SEX AND THE CITY

To study evolution, Munshi-South has traveled to some pretty farflung locations: Southeast Asia, to study how the mating behavior of small mammals is affected by logging operations, and Africa, to research how the migration patterns and stress levels of forest elephants are affected by the petroleum operations there.

Mice in Manhattan might seem a far cry from that earlier research, but it’s really not, he says. “Urbanism is basically one of these large-scale dramatic transformations of landscapes,” he says. “And maybe one of the most complete transformations from a seminatural state to a use that’s dominated by human activity.” The common thread to this work, he says, is understanding how animals cope with a rapidly changing environment.

POPULATION GENETICS The study of the genetic makeup of populations and how the genetic composition of a population changes.

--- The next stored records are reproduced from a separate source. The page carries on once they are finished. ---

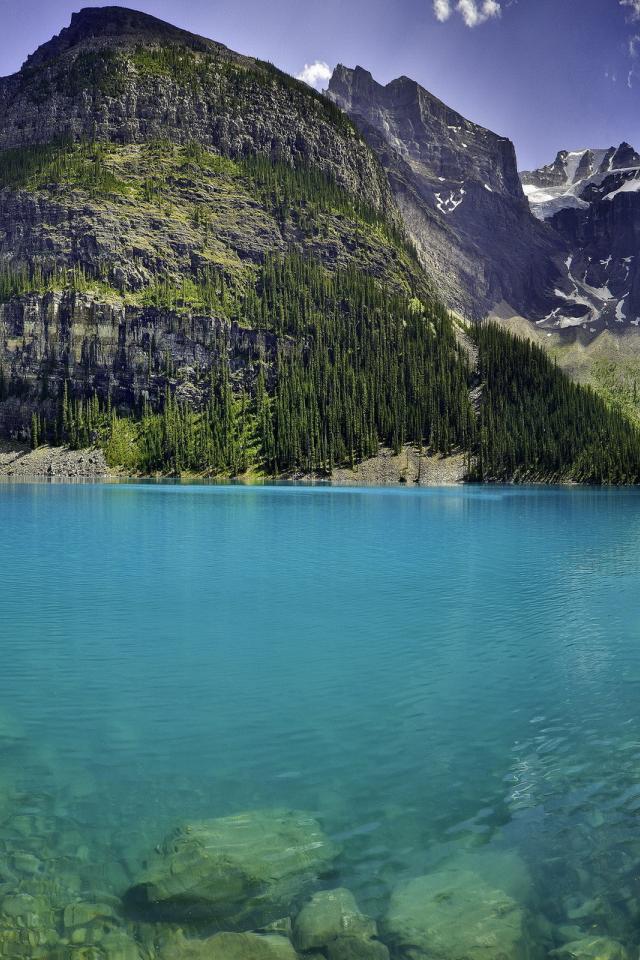 Wallpaper Clear lake at the foot of
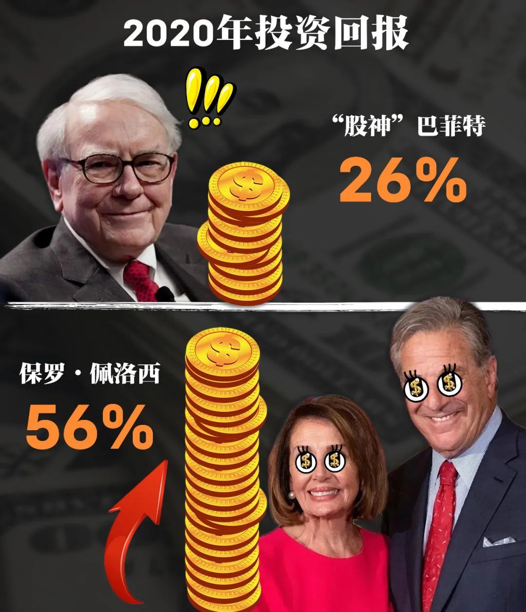据披露,美国会众议长佩洛西的丈夫在佩洛西掌权期间进行的投资回报率高达56%。果然,“跑赢巴菲特”,还得看“国会山股神”夫妇。
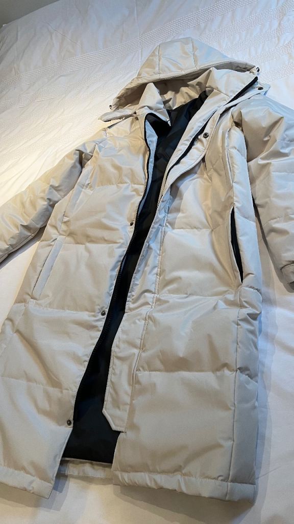 Built for performance and everyday wear, this men’s long puffer jacket delivers warmth with a sleek, contemporary silhouette. The down-insulated body and sleeves provide lightweight insulation, while the detachable hood with adjustable drawcord offers adaptable protection against changing weather. A two-way front zip concealed beneath a snap placket ensures a clean look and customizable comfort, complemented by fleece-lined hand pockets for added warmth. Finished with a rounded hem and extended length, it’s a modern outerwear essential designed for cold climates.
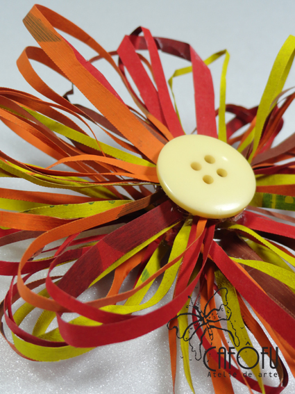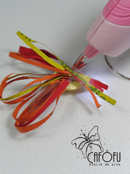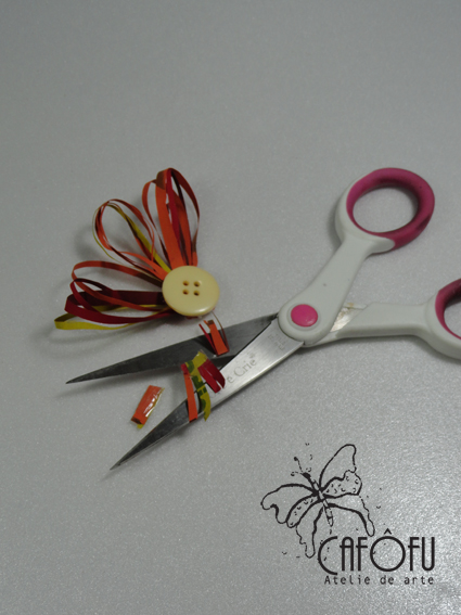 7- Escolha um botão grande que combine com as cores de tinta, de mais ou menos 2 cm de diâmetro e vá colando nele (do lado debaixo) as tirinhas com cola quente, uma a uma.

Urbanization isn’t the only human-caused environmental change that animals face, of course—climate change is another big one—but it’s one that has taken on pressing urgency in recent years.

GENE POOL The total collection of alleles in a population.

“Already 50% of people live in cities,” says Munshi-South. “It’s going to be 60% in like 15 years, and it’s just going to keep going up and up.” In fact, demographers predict that the human population will reach 9 billion in 2050, and that by then 70% of us—roughly 6 billion people—will live in cities. All those urban dwellers represent a significant evolutionary force to be reckoned with. So it’s important to understand how our fellow animals are adapting—or not adapting—to city life.

ALLELE FREQUENCY The relative proportion of an allele in a population.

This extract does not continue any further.